Ardbraccan () is an ancient place of Christian worship in County Meath, Ireland. It is the location of the former residence of the Roman Catholic, then, after the Reformation, the Church of Ireland Bishop of Meath. It is approximately 30 miles (48 kilometres) from Dublin.

Origins
Ardbraccan originated as a place of Christian worship under St Breacain (also spelt St Braccan  - d.650 AD ) in the 7th century. Its name in the Irish language comes directly from the saint's name: Ard Breacain, meaning the height or Hill of Braccan. On this high point, a monastery and a succession of churches were built, each larger than the last to accommodate the growing number of religious worshippers. The most famous was a large circular church known as the Daimhliag ("stone house"), which was burned to the ground by Viking attackers in the 12th century. Contemporary records say that one thousand people were in the church, seeking protection from the invaders, at the time. According to the historical tract Cogad Gaedel re Gallaib, Ardbraccan was the site of a victory of the Uí Néill over the Vikings sometime in the mid-9th century. Under the name "Hardbrecins", there is a tradition in Durham that this was the birthplace of St Cuthbert, besides other versions linking the Northumbrian bishop and saint to Kells or the Lammermuirs.

King John in Ardbraccan

On 29 June 1210 King John of England, Lord of Ireland and his forces met with Cathal Crobhderg, King of Connacht and his men in Ardbraccan before proceeding north to attack the forces of Hugh de Lacy, 1st Earl of Ulster.

The Diocese of Ardbraccan
The early Irish church possessed many bishoprics or dioceses, each presided over by a bishop. For a period, Ardbraccan itself was a diocese, with a large urban centre attached. Under the Synod of Kells in 1152, Ardbraccan was united with the Sees of Clonard, Trim, Dunshaughlin, Slane and Fore, forming with other small dioceses the Diocese of Meath. Its central importance was shown in the fact that the new merged diocese's bishop lived in Ardbraccan.

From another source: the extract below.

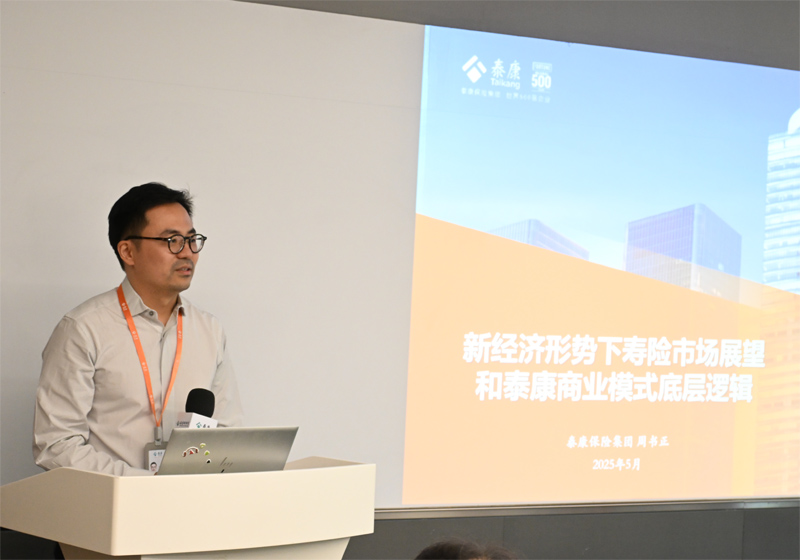 参观结束后,双方开展了交流座谈。陈凯对泰康的热情接待表示诚挚感谢。泰康保险集团校招负责人单清青女士介绍了泰康保险集团的近况与所取得的成绩。泰康保险集团市场产品部产品管理处经理周书正先生从专业理论与商业实践两个维度,带来了关于《新经济形势下寿险市场展望和泰康商业模式底层逻辑》的分享。他结合宏观经济形势、行业发展趋势以及泰康的实际业务案例,剖析了保险行业在复杂经济环境中的发展机遇与挑战,以及泰康在产品创新、风险管理、客户服务等方面的实践经验与创新思路,尤其是其“幸福有约”和泰康之家的商业化闭环逻辑体系。同学们认真聆听、积极提问。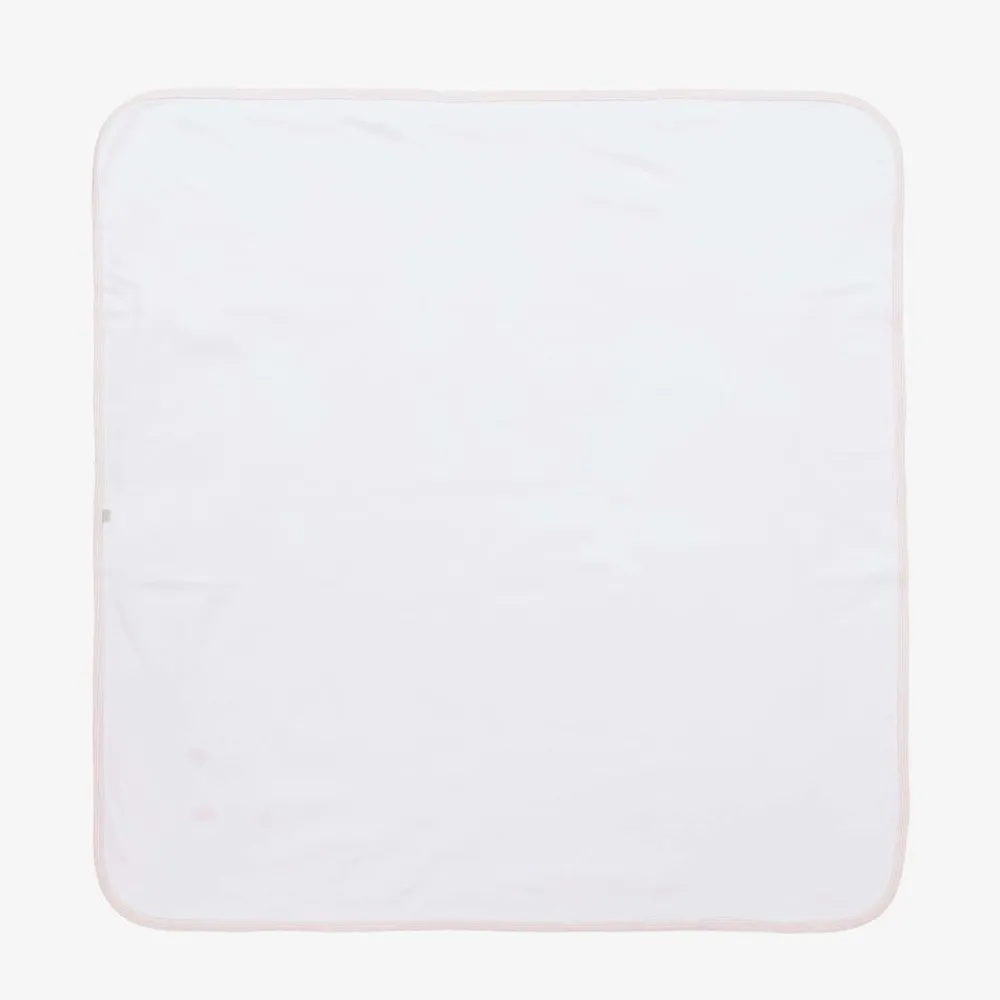 A sweet pink striped blanket for baby girls by Kissy Kissy. Soft and comfortable, it is made from smooth Pima cotton jersey. On one corner there are beautifully hand-embroidered jungle animals in pastel colours for an adorable finish.

From Catholic to Protestant

When, in the aftermath of the crisis over Henry VIII's marriage to Catherine of Aragon, the Irish Church was ordered to formally break its link with the Roman Catholic Church to become the Church of Ireland, the Anglican or Church of Ireland Bishop of Meath continued to live in Ardbraccan in an estate attached to the main church. In this period, Ardbraccan possessed two churches; St. Mary's (which was located in the Bishop's residence) and St. Ultan's, which was named after a local saint who had lived in St. Braccan's day.

New church
In 1777 a new Church of Ireland church was erected on the site of the earlier church of St. Ultan's. The church, built to a design by Rev. Dr. Daniel Augustus Beaufort, remained in use until 1981 when it was deconsecrated due to the dwindling size of the Church of Ireland community in Ardbraccan. Although in 1868 the Ecclesiastical Commissioners of Ireland recorded that there were 267 members of the Church of Ireland living in Ardbraccan parish, by 1968, their number had dwindled to 10 and it ceased to be used for general worship in 1970. The church was finally offered for sale by the Church of Ireland in 2002. Its cemetery is used for burials by both the local Church of Ireland and Roman Catholic parishes.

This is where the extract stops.